Weiter ging die Fahrt durch die wunderschöne Landschaft, Hügel rauf, Hügel runter, bis nach San Gimignano, das uns schon von Weitem mit seiner markanten Silhouette grüßte. Aufgrund der vielen hohen Geschlechtertürme wird San Gimignano auch gerne das „Manhattan der Toskana“ genannt. Wir kamen kurz vor 20 Uhr abends an und tatsächlich war die Stadt vergleichsweise leer: Es war überhaupt kein Problem, einen Parkplatz nahe einem der Stadttore zu bekommen, die mittelalterlichen Gassen und Plätze waren nicht mehr von Touristenmassen verstopft, die Läden bereits am Schließen. Wer gerne auch noch in den Geschäften stöbern möchte, kommt am besten gegen 19 Uhr, ansonsten war unsere Ankunftszeit ideal.

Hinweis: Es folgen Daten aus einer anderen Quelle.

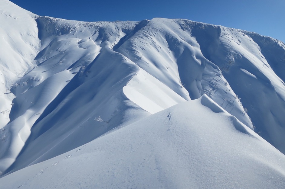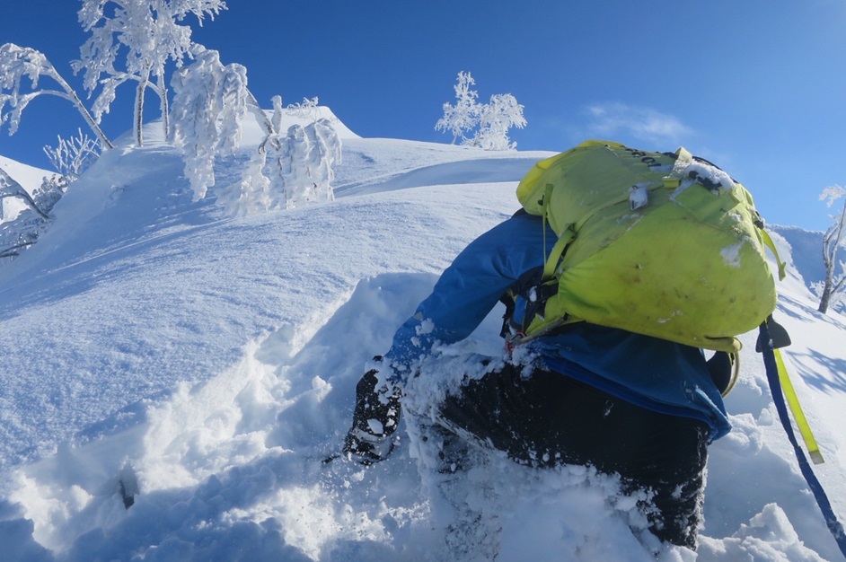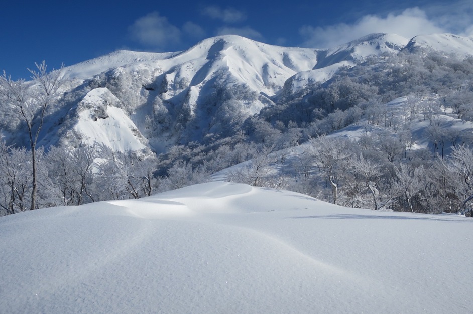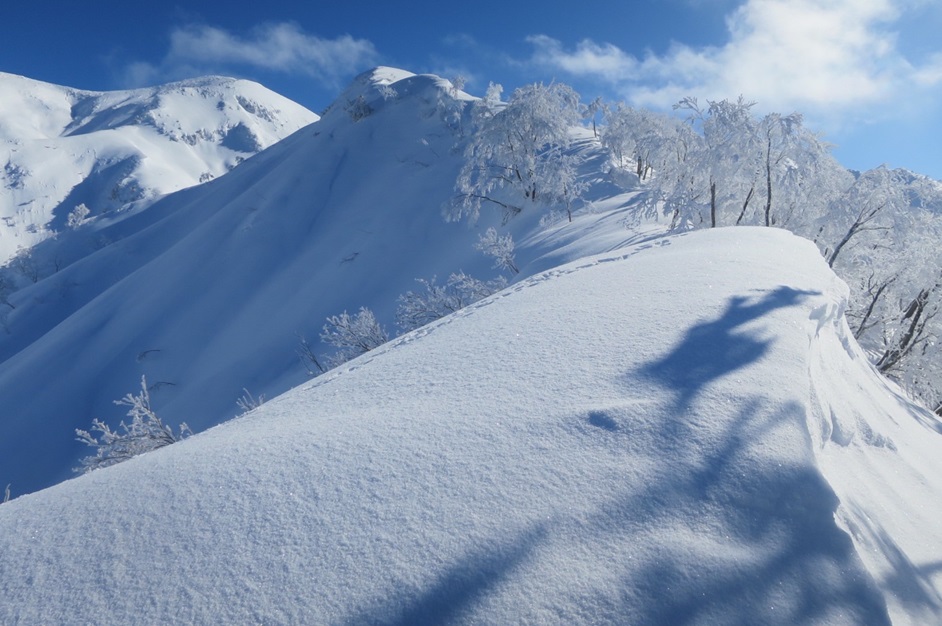 (土田貴)スタートから山頂までフルラッセルでした。深いところは腰まで。単独行なら8合目前後で撤退してたと思います。ローテーションで回してなんとか登頂できました。やはり1月の粟ヶ岳は手強いと再確認。反面、入山者が少ない時期なのでとびきりの景色が拝めて大満足の日でした。特にお目当てだったノントレースの午の背を歩けて幸せでした♩

Wir suchten und fanden ein nettes Lokal fürs Abendessen: Das Restaurant gehört zum „Hotel Cistern“, hat seinen Namen offensichtlich von der Piazza della Cisterna, an der es liegt, und existiert angeblich schon seit dem Jahr 1100, als es eine Pilgerherberge war. In jedem Fall hat das Lokal ein schönes Deckengewölbe (siehe Bild oben) und das Essen schmeckte fantastisch!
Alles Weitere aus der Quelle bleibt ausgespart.